I’m not a shopper, but walking around the incredible malls is the best show in this town. Staying away from the “classier” ones that are imitations of sterile American shops, (I don’t travel ten thousand miles to pretend I’m right back where I started) I gravitate to the noisy, messy ones, filled with thousands of people. Here are hundreds upon hundreds, of small, unique store fronts, along with restaurants that feature every edible known to man. The pace in them is frenetic crazy, the noise level akin to that of multitudes of rollercoasters all thundering past at the same time. The hawkers call out to me that I am pretty, but I’ll be bee-oo-ti-ful, if I buy their T-shirts, bags, necklaces, make-up, placemats, woven slippers, Dvd’s…. Ignoring hawkers seems to raise concern that I may be deaf, so they pull on my sleeves and ring little bells in my face. It’s okay. I always bring money to buy stuff I don’t want. It makes me proud to be the first customer of the day and watch those lazy goods get spanked with my bills.
I stop to buy from my favorite pizza place. It has a difficult name for this country: Greenwich. When I was a kid, people struggled with the pronunciation of it and you could tell which of your classmates vacationed abroad, and which didn’t, by the way they said the name. When I order, unwilling to appear snooty I ask for the Green-Witch cheese and tomato combo. The order boy pauses for a moment and then says kindly to me, “Ma’am, dat’s Gre-nich.”

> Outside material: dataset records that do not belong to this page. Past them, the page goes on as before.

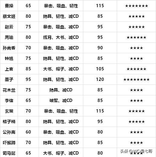 3、实用等级介绍:1-2星可有可无,3-4星参考范围,5-6星阵容核心,7-8星阵容必备,9星百搭神器;
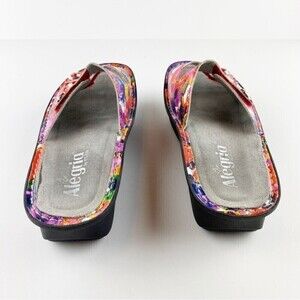 Alegria Fiona Iris Floral Leather Adjustable Straps Slip On Slide Sandals Size 8
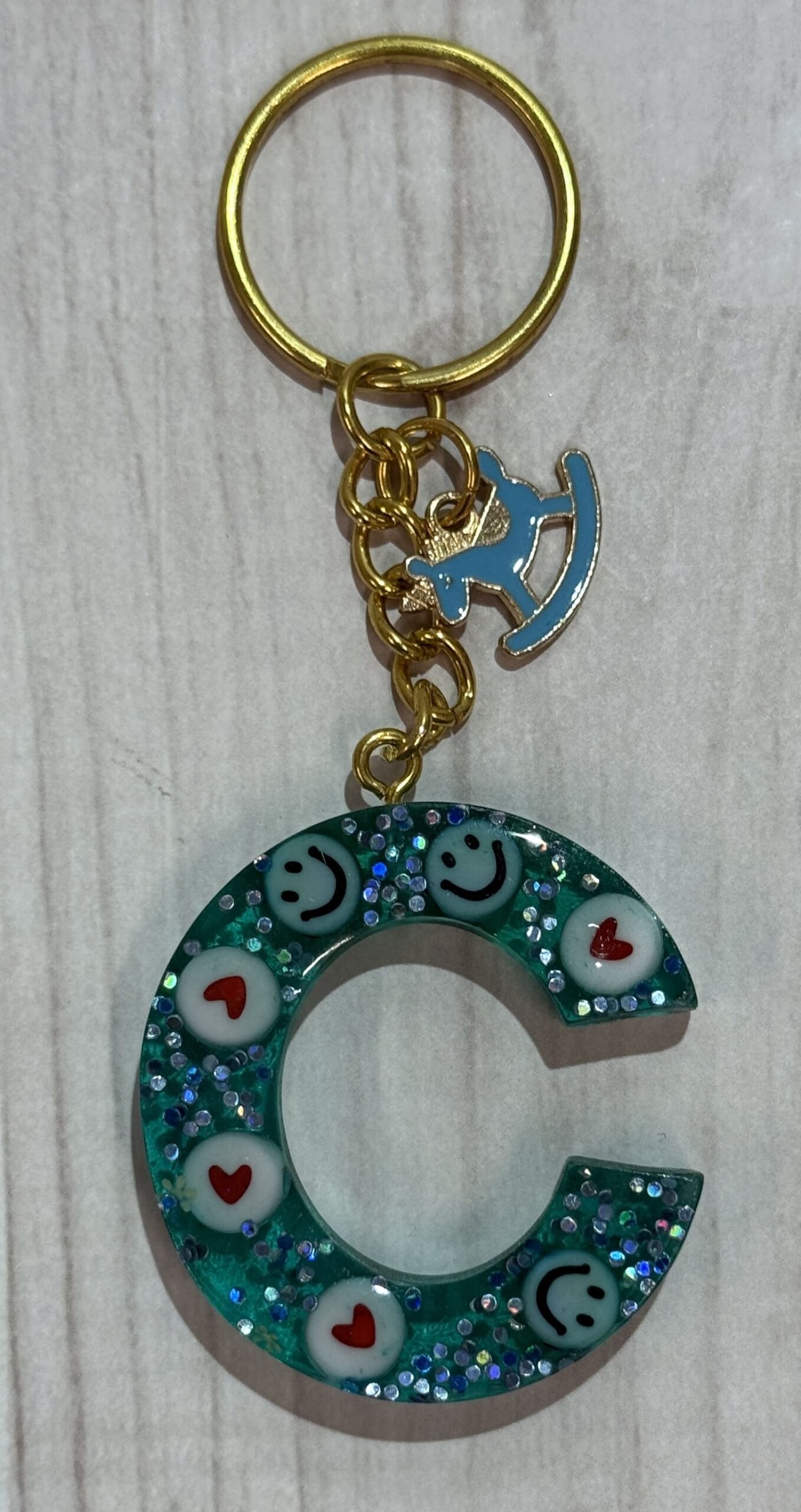 Energetyczny, pełen pozytywnej energii breloczek wykonany z turkusowej żywicy, ozdobiony brokatem oraz uroczymi wtopami przedstawiającymi uśmiechnięte buźki i czerwone serduszka. Złote dodatki i słodki charms w kształcie niebieskiego konika dodają mu wyjątkowego, radosnego charakteru. Idealny jako prezent albo codzienny poprawiacz humoru.

Abashed, I thank him and leave, eating my slices while wandering aimlessly, immersing myself in the game of watcher and watched. At the center of the frenzy is a Catholic chapel filled with penitents on lunch break. I stop to listen to the call and response, bowing my head as the host is lifted up in the midst of the market place.

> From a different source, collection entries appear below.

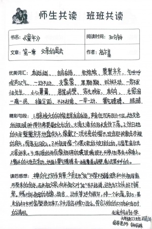 玉林北流市马岭小学六(1)班同学阅读笔记
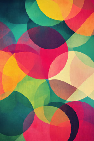 Modern Abstract Artwork Featuring Vibrant Colored Circles on a Textured Backdrop, Geometric Design
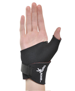 This wrap around style wrist support is very adjustable. For low level wrist support during and after healing of a traumatized wrist with a soft thumb extension for added support. Comes in 3mm Neoprene or Coolprene, black or grey.
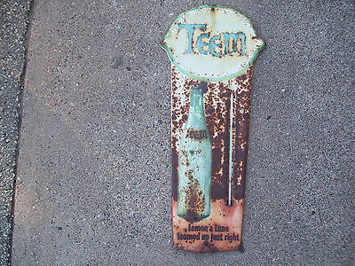 Thermometer TEEM soda Vintage metal tin display Lemon Lime soft drink teamed up
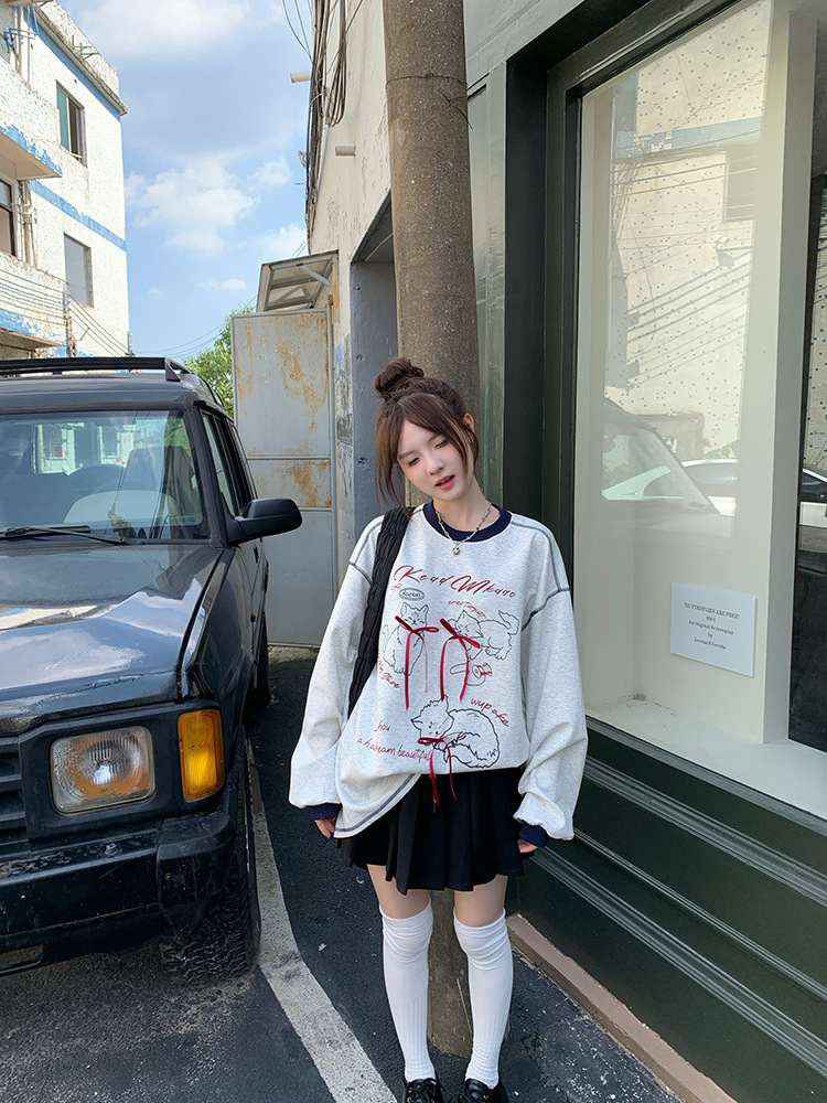 만화 고양이 인쇄 활 긴팔 스웨트 셔츠 여성의 가을 새로운 디자인 색상 대비 게으른 스타일 느슨한 탑
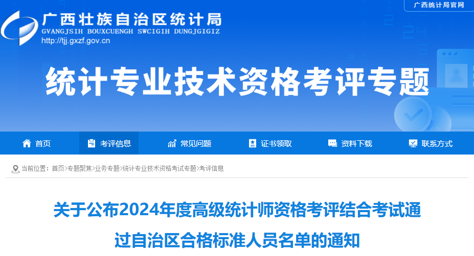 广西壮族自治区统计局发布2024年广西高级统计师合格人员名单(30人)
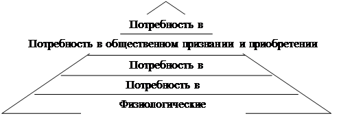 Следует отметить и другое. Не случайно потребности высшего порядка проявляются после удовлетворения потребностей низшего порядка. Эта закономерность обусловлена эволюционным характером процесса самоорганизации материи. Известный американский психолог и социолог Абрахам Харольд Маслоу дает следующую схему, названную им “пирамидой потребностей”:

I hear music and follow the rhythm outside to the huge mall parking lot. An entire section has been taken over by people of all ages, gyrating to Latino dance music. What? Are you kidding me? It’s spontaneous ZUMBA! A free for all that anyone can join! I bolt down my last slice and hurriedly insert myself into one of the lines. It is the middle of the day, hot as a sauna, and I am in a public parking lot, sucking in my stomach, wiggling my hips and sweating with two hundred people I don’t know. A very loud Ricky Martin shouts at me that we’re, “VIVIENDO LA VIDA LOCA!!! I so totally agree.

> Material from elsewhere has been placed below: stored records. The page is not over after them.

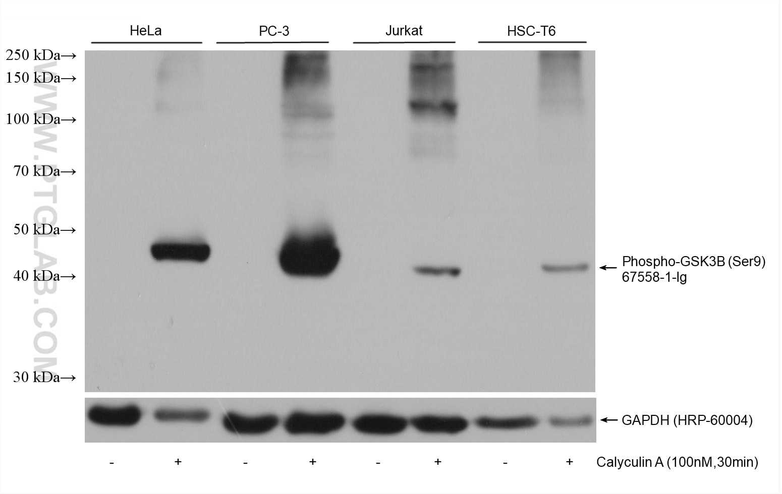 The Phospho-GSK3B (Ser9) antibody from Proteintech is a mouse monoclonal antibody to a peptide of human Phospho-GSK3B (Ser9). This antibody recognizes human antigen. The Phospho-GSK3B (Ser9) antibody has been validated for the following applications: WB, IHC, IF/ICC, ELISA analysis.
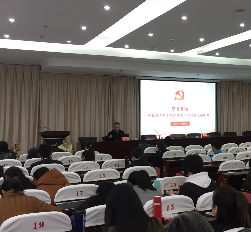 3月14日下午,公司党委委员、组织部长杨健国在临海校区学术报告厅为教育公司全体教职工宣讲校第三次党代会精神,公司党总支书记赵校民主持宣讲会。
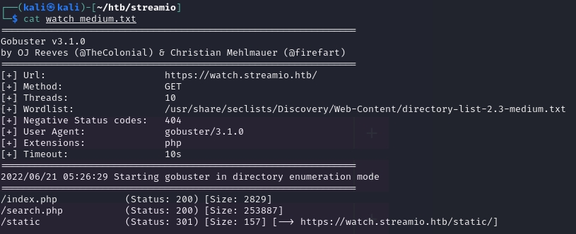I also used gobuster to see what other files were present on this directory.
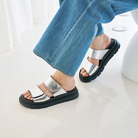 甲をしっかり支える太めストラップで、安定感のある履き心地。

Toward the end of my visit I receive a phone call. A party invitation! I’m excited to be asked, because I adore Filipino parties with their lavish food, live music, dancing and mahjong until dawn. I fully intend to go, but mistaking my polite hesitation for unwillingness, my friend attempts to seal the deal. “Lotis, believe me, you will enjoy! It’s only for the elite, everybody will be somebody!”
Before I can process the good intention behind this remark, my mouth says, “You do know, that elitism is a form of racism, which is an attitude associated with the inhabitants of small towns?”
My friend bursts into hysterical laughter. “That’s what I LOVE about you Lotis! Hindi ka nagbabago! Suplada ka pa rin!